Posted by kandylini on June 26, 2008

Source: Rand Clifford, Cyrano’s Journal.

“Simply one of the many biocidal glories of NAFTA…not long after American companies started plopping their most toxic operations just across the border to capitalize on such as lax Mexican environmental laws, a shocking spike in the number of babies born without a brain (anencephalic) became a legacy of the massive industrial pollution.”

Bodies of evidence by the millions make the dumbing-down of Americans the most successful federal program of all time…. Not that a great challenge has been surmounted, nor much of a fight put up, nor any bounds of day-to-day comfort grossly exceeded; insidious is the motif. With shrewd play on human emotion—especially and always fear—people can be manipulated into consistently acting against their best interests, for the best interests of money-hung manipulators. By and large, the dumbed-down believe outrageous lies that defy all evidence if the lies are packaged and repeated appropriately. The official story of 9/11 for example, or its diabolical spawn, the war on terror—would these have any chance at all in a nation of alert and thoughtful people?
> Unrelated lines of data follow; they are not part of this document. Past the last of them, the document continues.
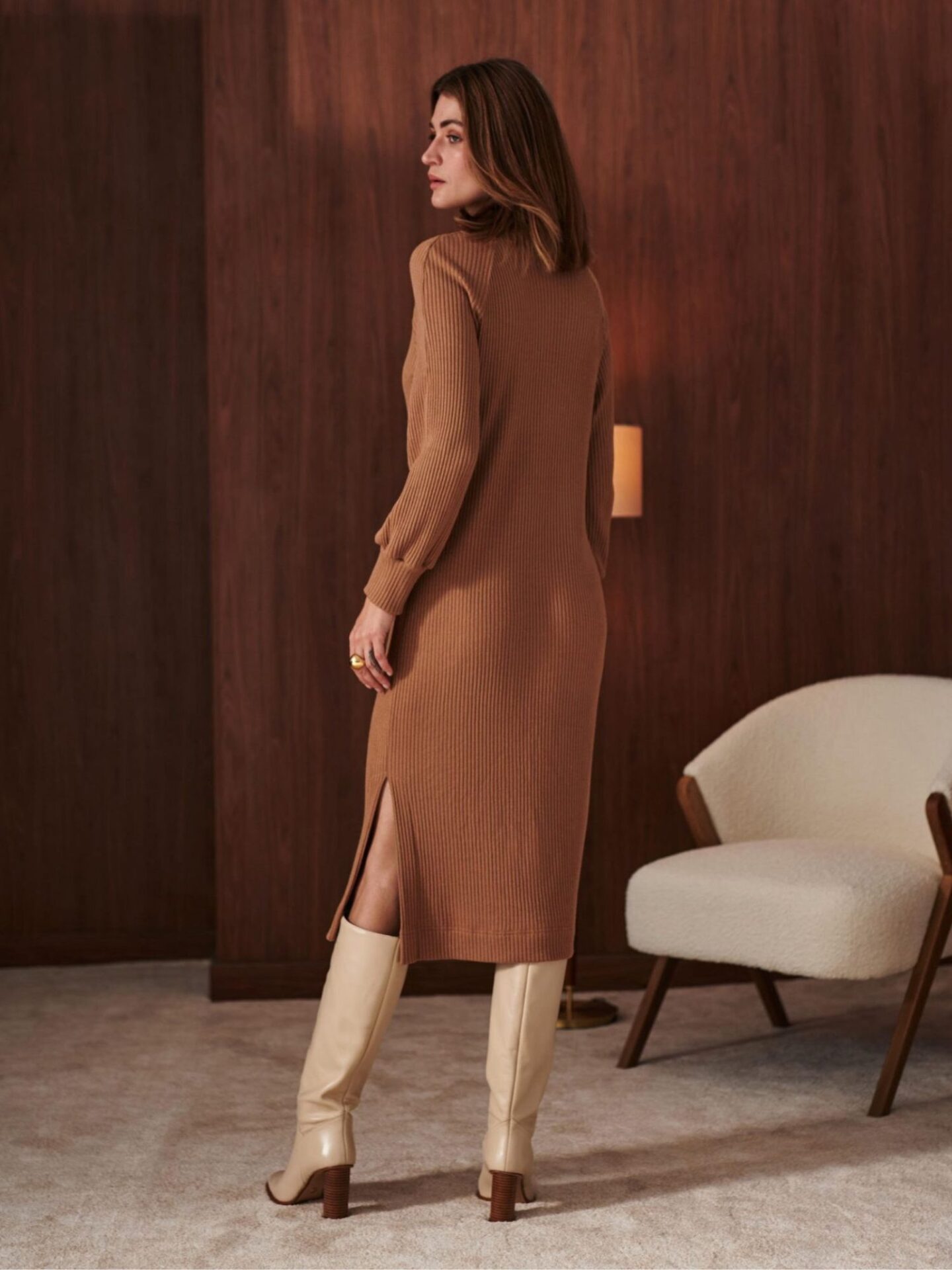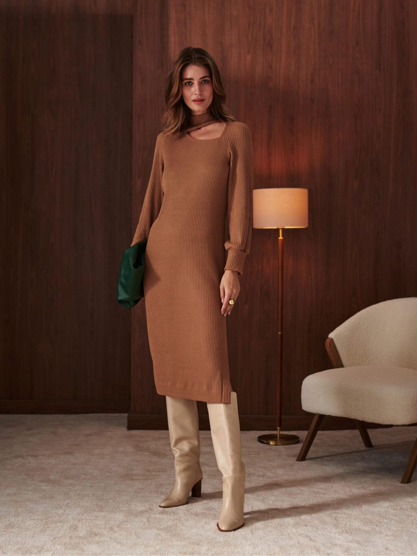 Dzianinowa sukienka Anataka to propozycja dla kobiet, które cenią wygodę, elegancję i ponadczasowy styl. Model doskonale sprawdza się w codziennych stylizacjach, a jednocześnie pozwala stworzyć bardziej dopracowany look na specjalne okazje. Camelowy kolor nadaje sukience klasyczny i ciepły charakter, dlatego łatwo dopasujesz ją do wielu dodatków. Dzięki długości za kolano sylwetka wygląda proporcjonalnie, a całość prezentuje się bardzo estetycznie. Prążkowany materiał subtelnie podkreśla figurę, jednocześnie nie krępując ruchów. Sukienka dobrze układa się na ciele, ponieważ dzianina naturalnie dopasowuje się do sylwetki. Model sprawdzi się zarówno w pracy, jak i podczas spotkań towarzyskich. Możesz zestawić go z kozakami, botkami lub eleganckimi butami na obcasie. Dzianinowa sukienka Anataka pasuje również do minimalistycznych dodatków, jednak dobrze wygląda także z wyrazistą biżuterią. Dzięki temu zyskujesz uniwersalny element garderoby, który łatwo dopasujesz do własnego stylu.
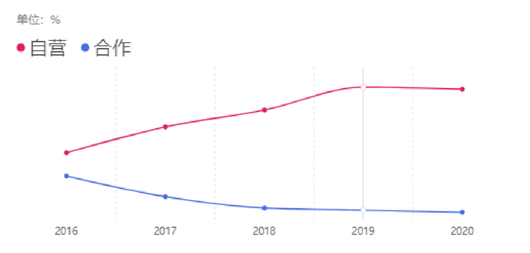 公司自 2015年采取“堅(jiān)持自營(yíng)、減少聯(lián)營(yíng)”政策以來(lái),自營(yíng)率逐年提高,2015年自營(yíng)率約60%,2020年自營(yíng)率已達(dá)到94%以上。
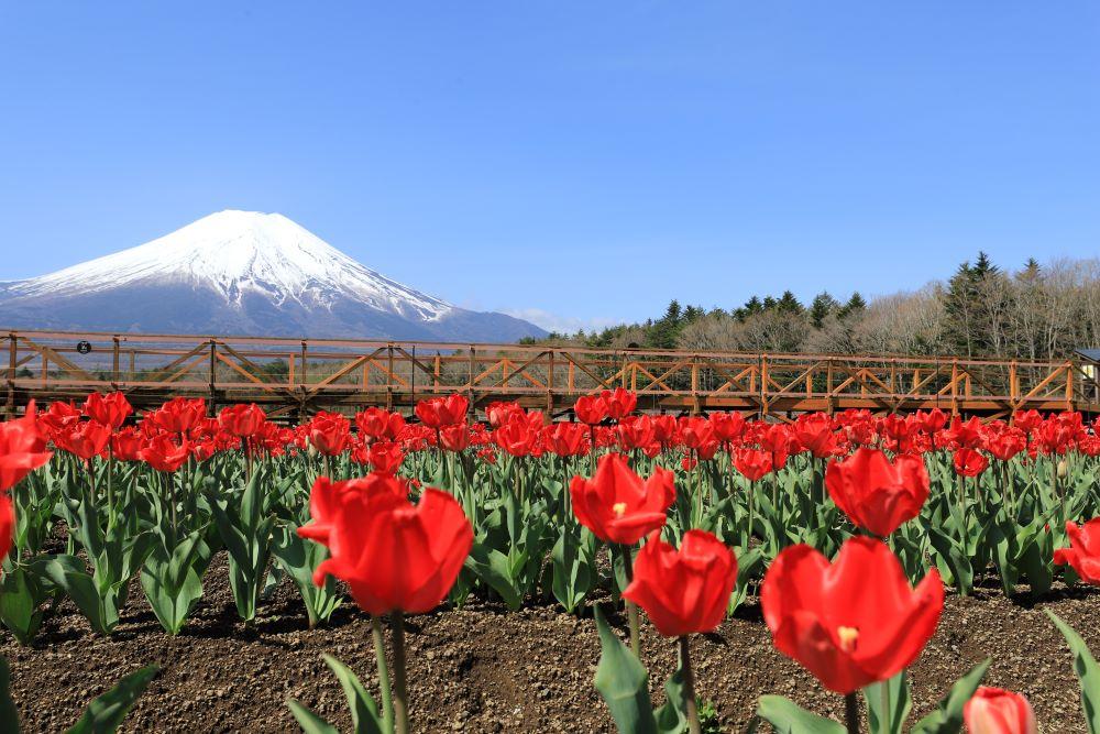 富士五湖エリアでも開花が遅いスポットを巡ります。フジザクラ・ソメイヨシノ・チューリップと、さまざまな種類の花が楽しめます。
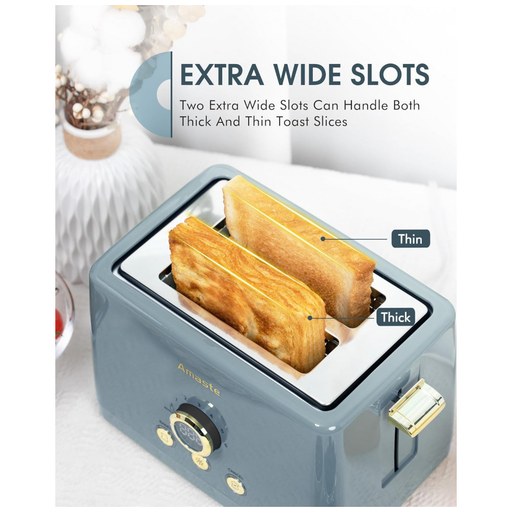 A Torradeira Amaste MT-01 combina estilo retrô com tecnologia moderna, apresentando acabamento em azul Ash e timer digital LED para controle preciso do preparo. Possui dois slots extra largos (3,8 cm) com guias centralizadoras automáticas, ideais para diferentes tipos e espessuras de pães, bagels e muffins. Conta com 6 níveis ajustáveis de tostagem, funções específicas para bagel, descongelar, reaquecimento e botão cancelar. Saída elevada facilita a remoção dos alimentos sem contato direto com o aquecimento. O sistema de 850W otimiza a eficiência energética e garante tostagem uniforme e rápida. A bandeja coletora removível simplifica a limpeza e os pés antiderrapantes proporcionam maior estabilidade durante o uso. Produto desenvolvido para ambientes residenciais, compatível com voltagem 110V.
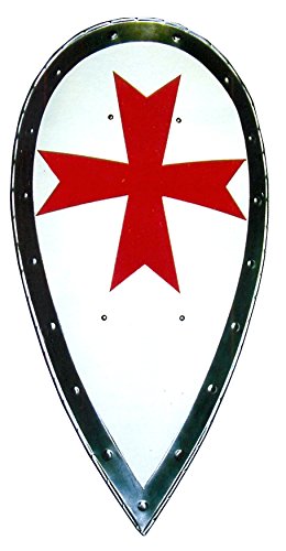 This authentic Knight's Templar Shield is a full size historicall accurate reproduction of the famous shield. Featuring high quality hand-painting of a red Knight's Templar symbol on a pure white background on a solid steel shield, this design surely stands out as one of the highest quality shields. It is all hand-made construction out of 18 gauge steel in Italy and specially imported. The edges of the shield have rolled steel and the back has a handle for practical use. This is one shield you'll want in your collection!
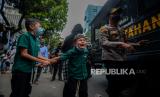 Petugas kepolisian menggunakan pakaian Alat Pelindung Diri (APD) membubarkan massa dari Pencari Suaka asal Afghanistan saat melakukan aksi di depan kantor Komisi Tinggi PBB untuk Pengungsi (UNHCR), Kebon Sirih, Jakarta, Selasa (24/8). Dalam aksinya, massa menuntut kejelasan kepada UNHCR terakit status penempatan pencari suaka di negara ketiga. Aksi tersebut dibubarkan aparat kepolisian untuk menghindari kerumunan pada masa PPKM level 3 di Jakarta. (FOTO : Republika/Thoudy Badai)
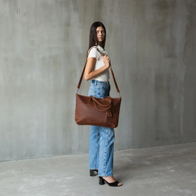 Leather laptop bag women with tassel, Laptop work bag, Custom laptop bag 15.6, Laptop work tote, Womens laptop bag leather, Laptop bag women
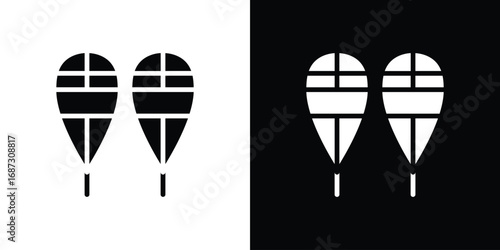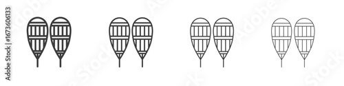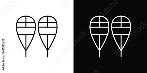 Black outline vector icon of two simplistic snowshoe designs with a minimalistic and modern style, featuring straps and bindings.
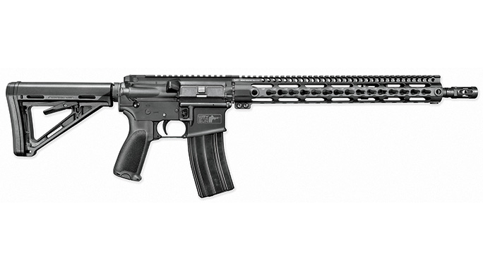 5.56 CDI: The CDI rifle from Windham Weaponry is designed to deliver exceptional performance at a reasonable price. The 5.56mm carbine sports a 16-inch barrel with a 1-in-9-inch twist that is made of 4150 chrome moly vanadium steel, chrome-lined and topped off with a high-performance Vortex flash suppressor. The forged upper and lower receivers are made from 7075-T6 aluminum, and the upper features a flattop for accepting optics. The forend of the carbine is a Diamondhead free-floating unit equipped with a Magpul AFG foregrip. A Magpul MOE pistol grip and six-position collapsible stock round out the package.
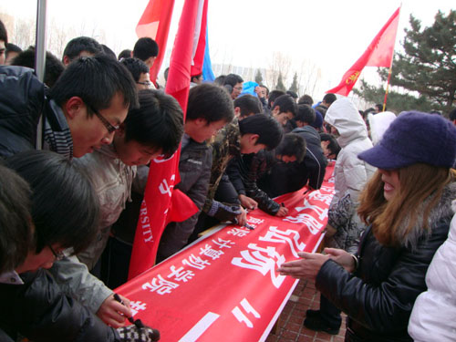 传递团旗后的签名活动现场(董婧怡摄)
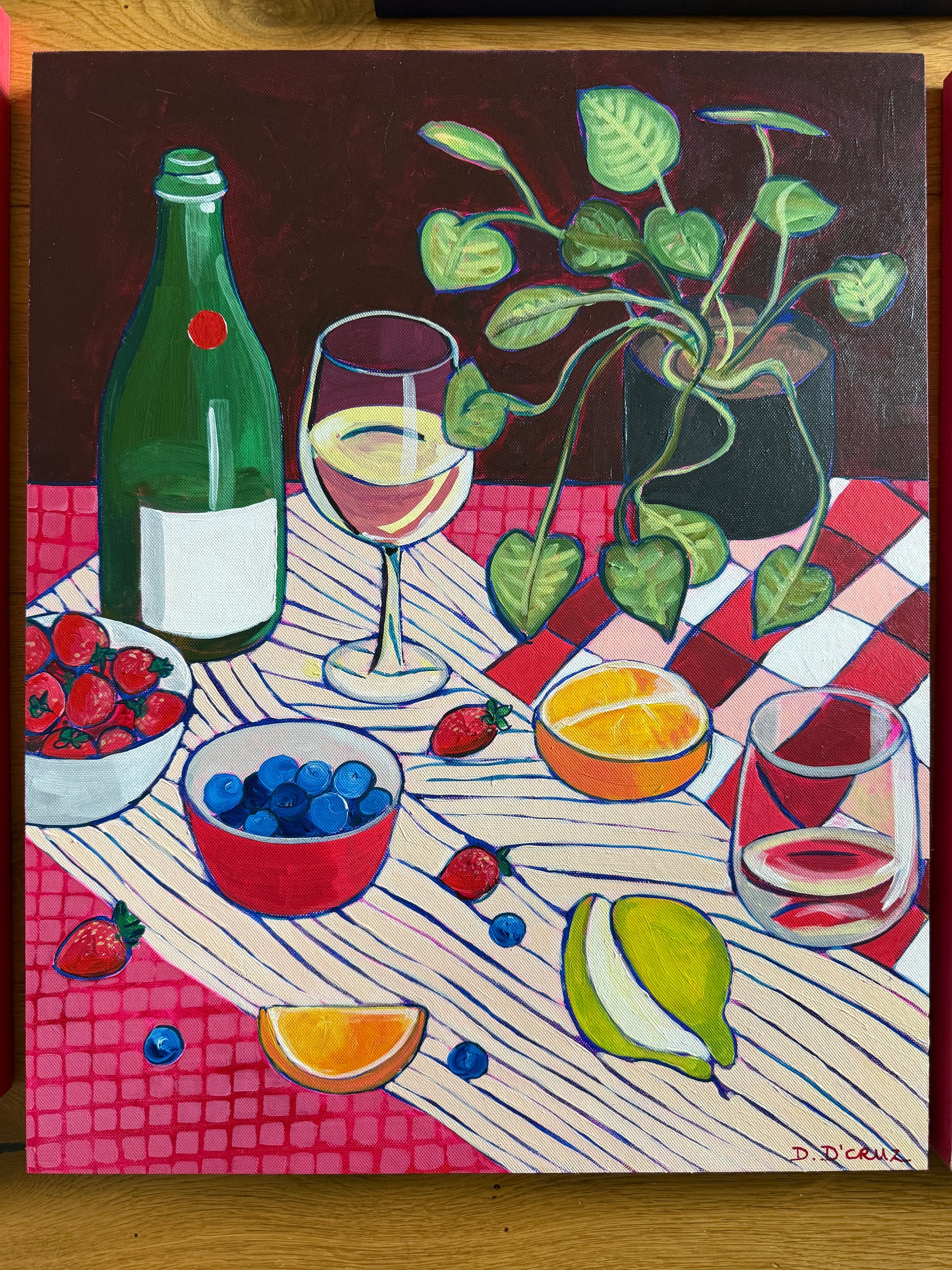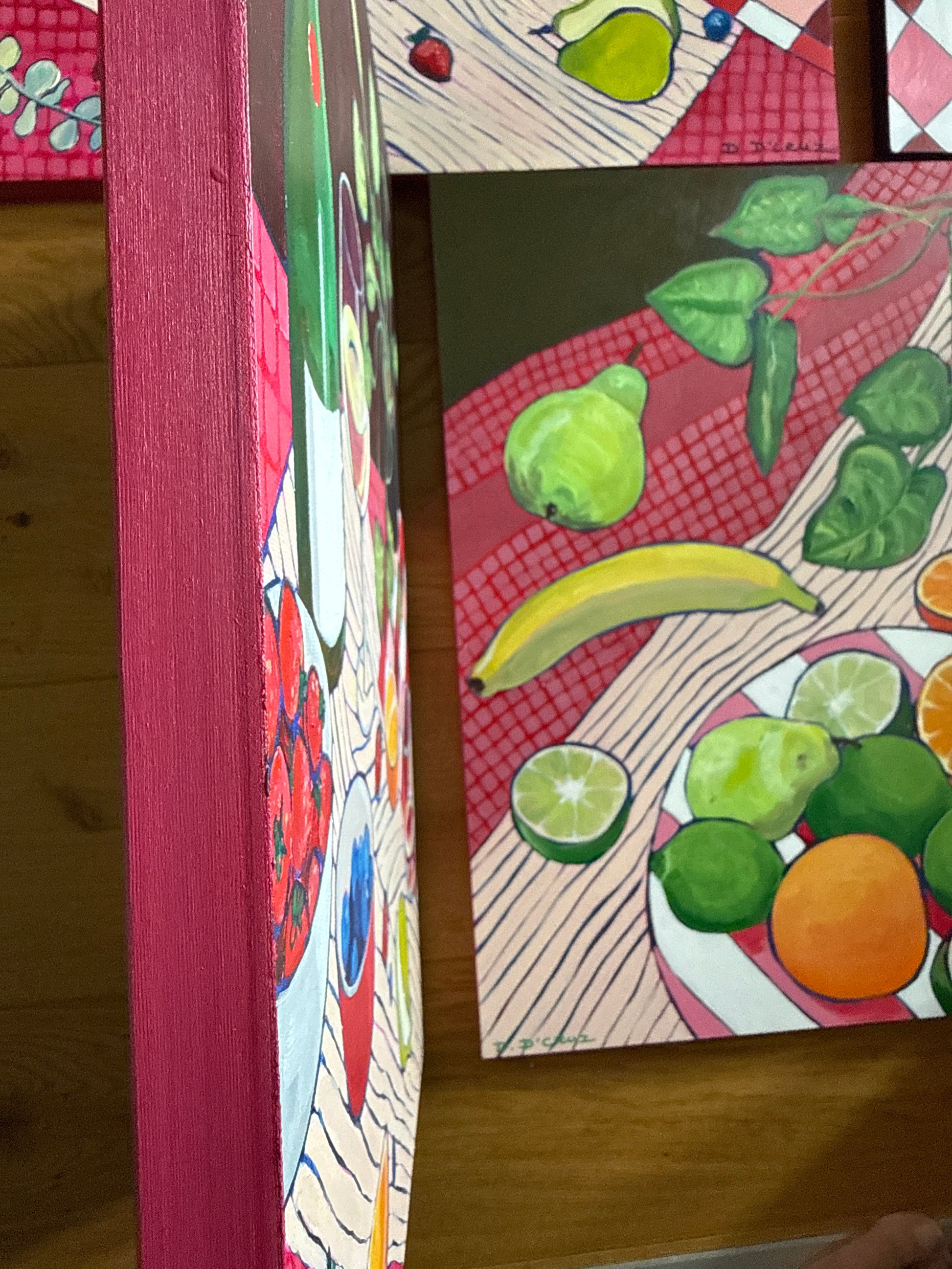 Edges of the canvas board are painted in a vivid red.

America propaganda…into the bouillabaisse of lies, stir in well-crafted bogeymen, along with heaping portions of distraction, envy, selfishness—and double-up on aversion to being different (who wants to be “the turd in the punch bowl” by controverting what we are officially supposed to believe?) In such a context, the term stemmer transcends sheer comic relief, into a realm of sobering relevance threatening to become terminal.

A man called Whizzer in the novel CASTLING, first published in 1995, identifies stemmers as a blight metastasizing among the American people under careful nurture at highest levels of government. A self-described Professor of Social Science, Whizzer deliciously merges charisma with science, employing experiments in human behavior to prove his theories.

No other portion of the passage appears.